The US Federal Reserve has started, the European Central Bank (ECB) is stopping its bond purchases and even the Bank of Japan is adjusting its response. This is bad news for bonds, especially the long end of yield curves. Worse still, this is happening at a time when several countries have begun to loosen fiscal policy. The fact one of the main sources of demand for bonds is disappearing at the precise moment several governments are looking to expand their deficits is troubling.
With central banks stepping back at the same time as governments are starting to supply more bonds, sovereign bond risk will have to be re-priced. The likelihood is that yield curves will steepen. Within Europe, the Italian market looks especially fragile, with Rome on a collision course with the EU over its 2019 budget. That suggests other peripheral euro zone markets could also be vulnerable, especially with the ECB now curtailing bond purchases and set to raise rates in 2019.
Wider corporate bond spreads
Corporate bond markets are likely to come under continued pressure in 2019. Many companies are now facing significant pressure to reduce their debt load after years of overextending their balance sheets to fund acquisitions and share buybacks. Spreads over government bonds look set to widen, pushing up corporate interest costs.
In Europe, many investors have yet to fully grasp that the ECB, which now owns as much as 30 per cent of the European investment-grade market, is set to begin to unwind its asset-purchase programme next year. The impact that could have on the market could be bigger than anticipated.
Mounting pressure to get debt under control
Drilling down into individual companies’ financial positions will be more important than ever. That is largely because non-financial corporations have issued record amounts of debt in recent years. With interest rates rising, many of these companies are struggling to get debt under control.
The credit quality of many companies rated A and BBB has already deteriorated. Until recently, rating agencies had given them the benefit of the doubt but that is also starting to change. Whereas investors were happy to snap up debt in a world fuelled by QE, downgrades and falling bond prices should be expected for the most vulnerable companies as rates continue to climb.
Emerging market debt could rebound
Emerging market debt yields are again starting to look attractive, although investors need to be extremely selective.
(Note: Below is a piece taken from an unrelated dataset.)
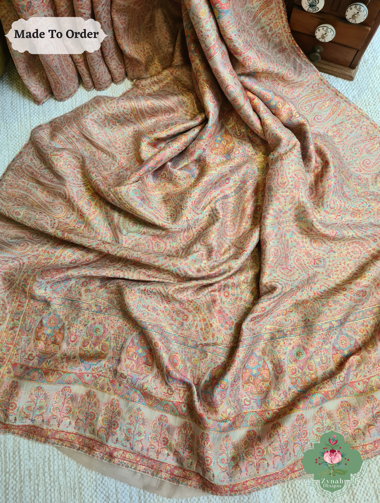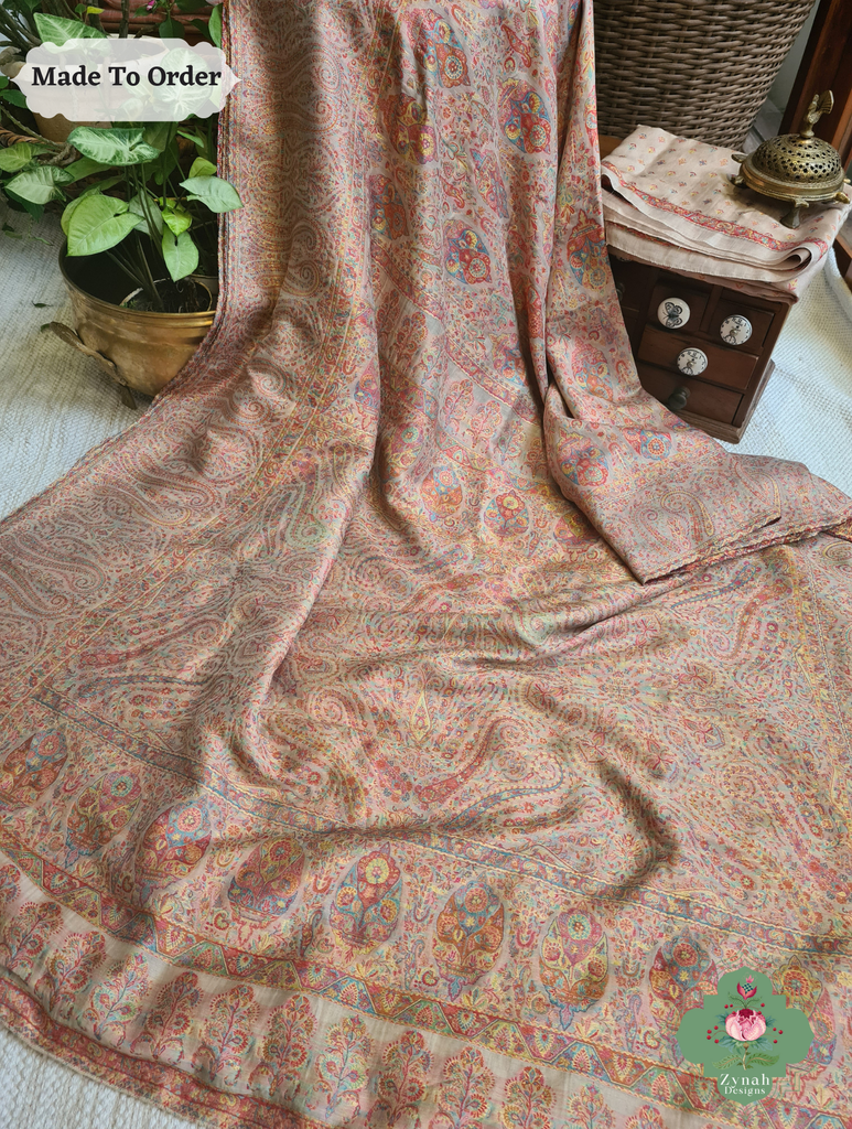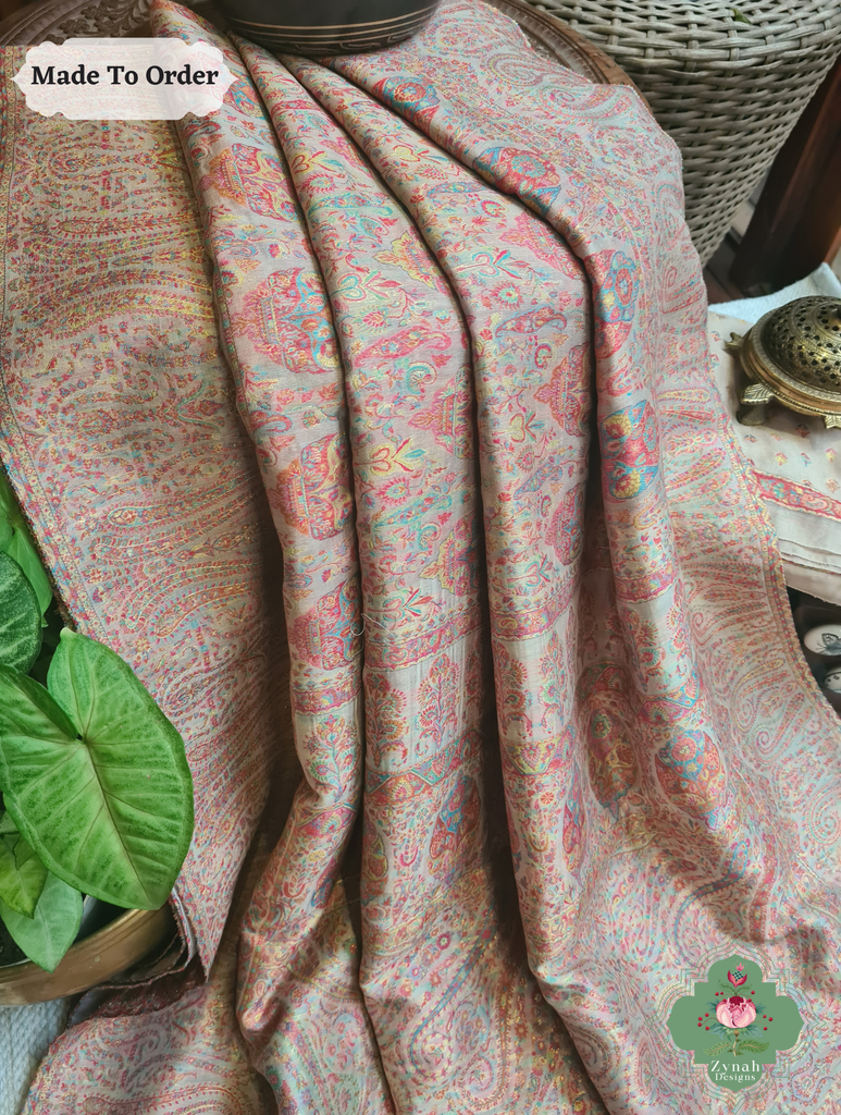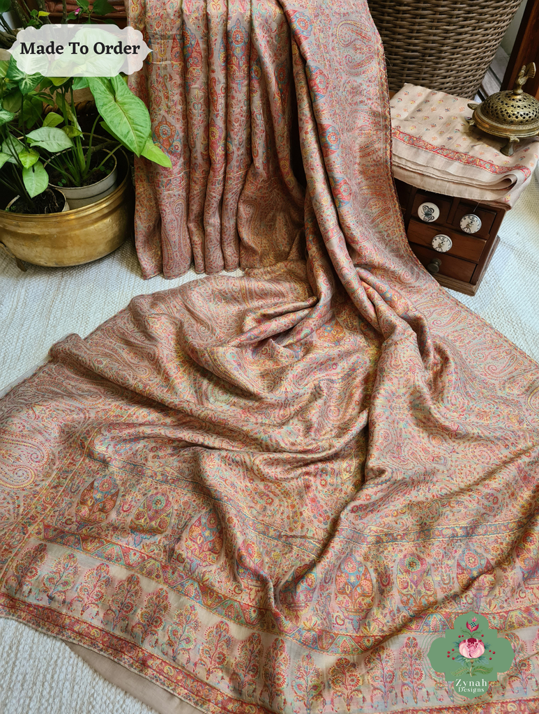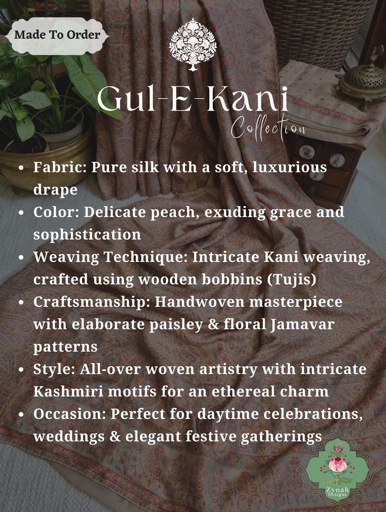 Centuries of Kashmiri artistry come to life in this Peach Kashmiri Pure Kani Silk Jamavar Saree. Woven with intricate floral Jaal Kani patterns, its delicate craftsmanship reflects the grandeur of a timeless tradition. Made from the finest silk, this handwoven Kashmiri Kani silk saree drapes effortlessly, exuding sophistication and grace. The rich detailing of this authentic Kani Jamavar silk saree makes it a perfect choice for weddings, festive occasions, and heirloom collections. Own this legacy—shop now!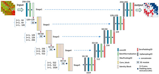 Considering the irregular shape of cropland in mountainous areas, this study introduced the Squeeze-and-Excitation (SE) module into the ResUNet network architecture to construct a deep learning network for the remote sensing extraction of mountainous cropland—namely, SE-ResUNet.

For example, the real yield spread between the South Africa component of the JPMorgan GBI-EM index and ten-year US Treasuries was 437 basis points on 30 November, compared to its ten-year monthly average of 271 basis points. For Indonesia, that spread was 438 basis points versus its ten-year average of 301 basis points, while the spread for Mexico was 509 basis points versus an historical average of 292 basis points.
Bonds issued by banks look relatively attractive
Bank debt seems poised to outperform other parts of the corporate bond market, especially at the shorter end of the curve. Lenders have greatly strengthened their balanced sheets since the financial crisis, partly by raising capital, whereas non-financial corporations’ balance sheets have veered in the opposite direction. The fact that the market is heavily regulated should also comfort investors.